Jul 19 12:13:14 c321v70 kernel: kdbg: remove cache ffff88021aa03a00 from parent ffff8801f8b04b00 with index 775
Jul 19 12:13:14 c321v70 kernel: kdbg: recycled cache ffff88021aa03a00
Jul 19 12:13:14 c321v70 kernel: kdbg: parent ffff8801f8b04b00 cache ffff88021aa03a00 index 775 is root existing (null)

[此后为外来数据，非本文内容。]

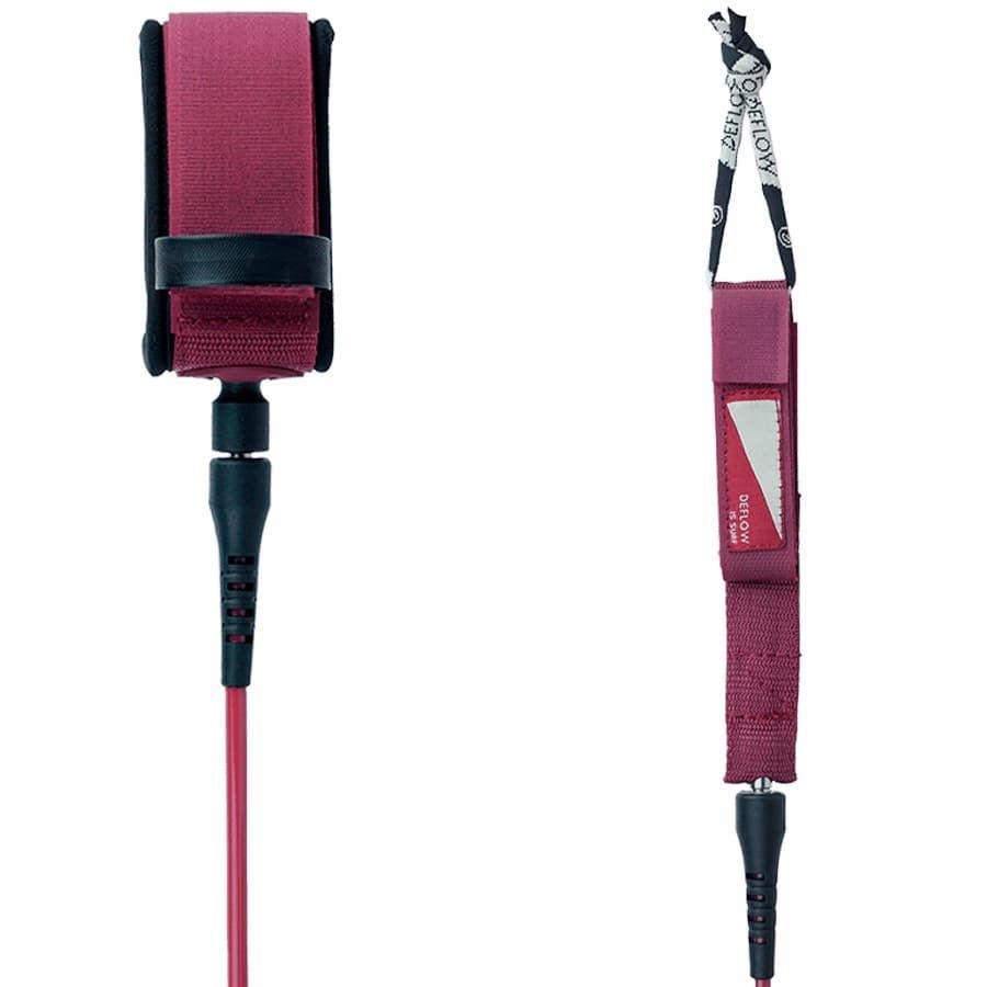 El leash Deflow 7' 7mm está disponible en negro (Black) y burdeos (Burgundy).
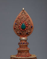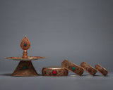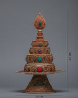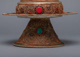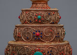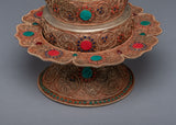 The Circle Mandala Set is a lovely piece of handcrafted art with a copper body. The set is made of 24K gold plating and has intricately embedded gemstones. The mandala set's circular design creates a beautiful and harmonious visual display that is sure to catch the attention of anyone who sees it. This set's attention to detail is truly remarkable, making it a valuable addition to any collection.
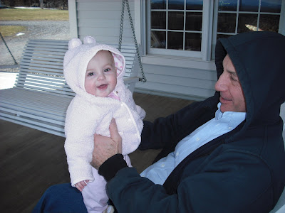 Saturday was beautiful and warm so we had Calynn outside for some fresh air to try to clear up her cold. Jeff did some yard work while we kept it low key. Calynn had fun practicing her sitting and looking up on her Dad. (This beautiful play blanket was handmade by my friend Beth.)

Jul 19 12:13:14 c321v70 kernel: kdbg: recycle cache ffff88021aa03a00 which is root
Jul 19 12:13:14 c321v70 kernel: kdbg: kworker/u8:2 dead lock with cache ffff88021aa03a00
...
结论如下: 在某个时刻,释放 network namespace 的时候,调用 kmem_cache_destroy 删除关联的 root kmem_cache。同时进入 kmem_cache_destroy_memcg_children 删除关联的 memory cgroup 对应的 child kmem_cache。在这个过程中,kmem_cache_destroy_memcg_children 对 memcg_limit_mutex 加锁,同时使用 cancel_work_sync 取消 child kmem_cache 的自我清理工作。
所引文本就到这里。